Over the past two years, we have routinely incorporated nerve grafting techniques into our reconstructions. By identifying injured nerve endings and connecting them to nerve grafts, we aim to guide nerve regrowth toward the nipple or central breast skin. While the success rate is currently around 60–70%, we have seen meaningful return of sensation in many patients.
Although insurance coverage for this procedure is still limited, we are encouraged by growing recognition and increasing approval rates among insurers.
SECONDARY REVISIONS
Many women choose to undergo a reconstruction revision after their initial surgery. At the time of mastectomy, we often have limited control over the final shape, size, and contour due to factors like skin thickness and blood flow. A revision surgery allows us to refine the results, enhancing breast shape, volume, and symmetry. These procedures are typically covered by insurance, performed on an outpatient basis, and do not usually require drains. Recovery is generally much faster and more comfortable than the initial surgery.
COMPLICATIONS
Mastectomies carry a relatively high complication rate due to the large surface area involved and the reduced blood supply to the tissues, which can pose challenges for healing and reconstruction. The below are common complications seen after mastectomy:
Wound Healing Issues -Delayed healing or wound breakdown
Skin or nipple necrosis (especially in nipple-sparing mastectomies)
Infection - Can range from mild redness to serious deep infections May require antibiotics or surgical washout
Bleeding or Hematoma - Accumulation of blood under the skin.
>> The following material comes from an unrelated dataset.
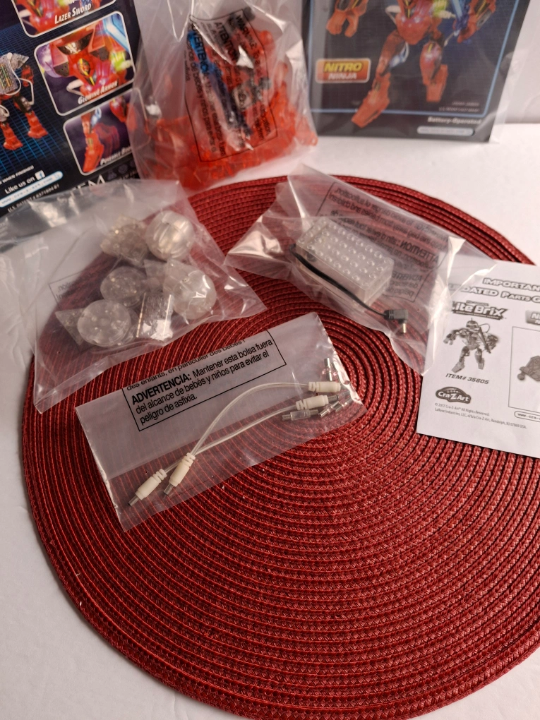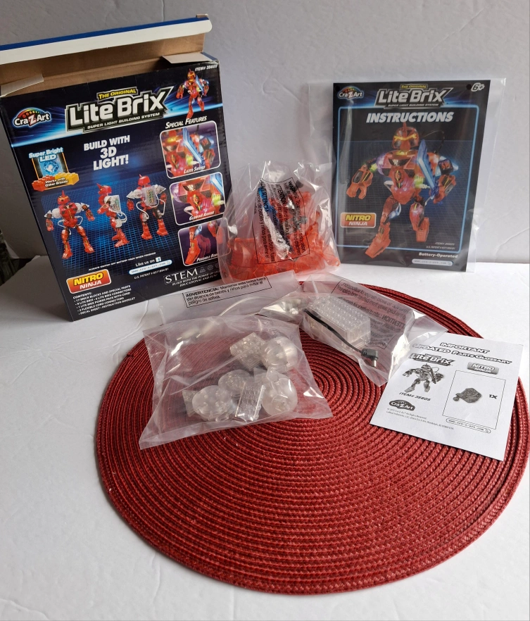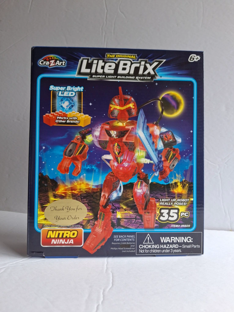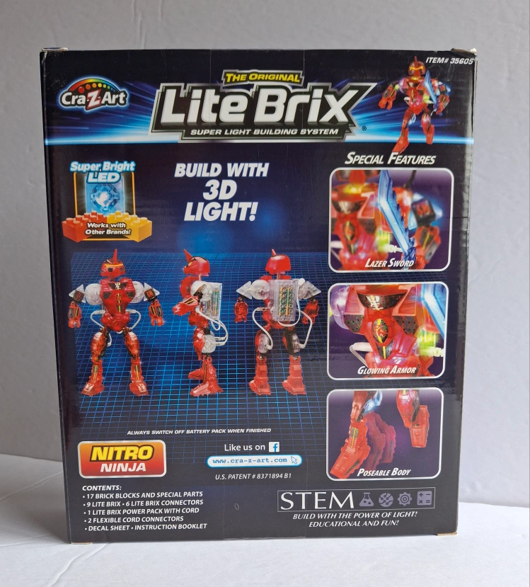 Rare Lite Brix Nitro Ninja light up Robot super light building system LED of 35 pieces. This toy is 3D Light, Glowing Armor with Lazer Sword andcPoseable Body.

May require drainage
Seroma - Fluid buildup under the skin May require aspiration or drain placement
Loss of Sensation - Most patients experience numbness in the chest due to severed nerves
Pain or Neuropathic Pain - Sharp, burning, or chronic pain in the chest wall or axilla
Shoulder or Arm Stiffness - Especially if lymph nodes are removed Lymphedema Swelling of the arm due to lymph node removal or radiation
Complications after implant based reconstruction
Capsular Contracture - Scar tissue tightens around the implant causing firmness or distortion
Implant Malposition or Rippling - Visible or palpable folds, asymmetry, or migration. May require revision or fat grafting
Implant Infection or Exposure - May require implant removal
Animation deformity - May require pocket change to above the muscle
Need for Revision Surgery - Common over time to address changes in shape, symmetry, or complications
Fat necrosis or oil cysts - After fat transfer. May require imaging, biopsy, steroid injection or surgical removal
Complications after tissue based reconstruction
Flap Loss (Partial or Total) - If blood flow is compromised. May need to be repaired immediately, removed or replaced at a later date.
Fat Necrosis - Lumps of firm tissue due to poor fat perfusion
Abdominal Wall Weakness or Hernia - Related to tissue harvestin. We try to reduce abdominal wall weakness by minimizing muscle dissection and nerve transection at the time of harvesting the DIEP flap.
Longer Recovery Time - Due to dual surgical sites (chest and abdomen)
Microvascular Complications - Rare but serious—can include clotting of blood vessels in the flap. May need to be repaired immediately, removed or replaced at a later date.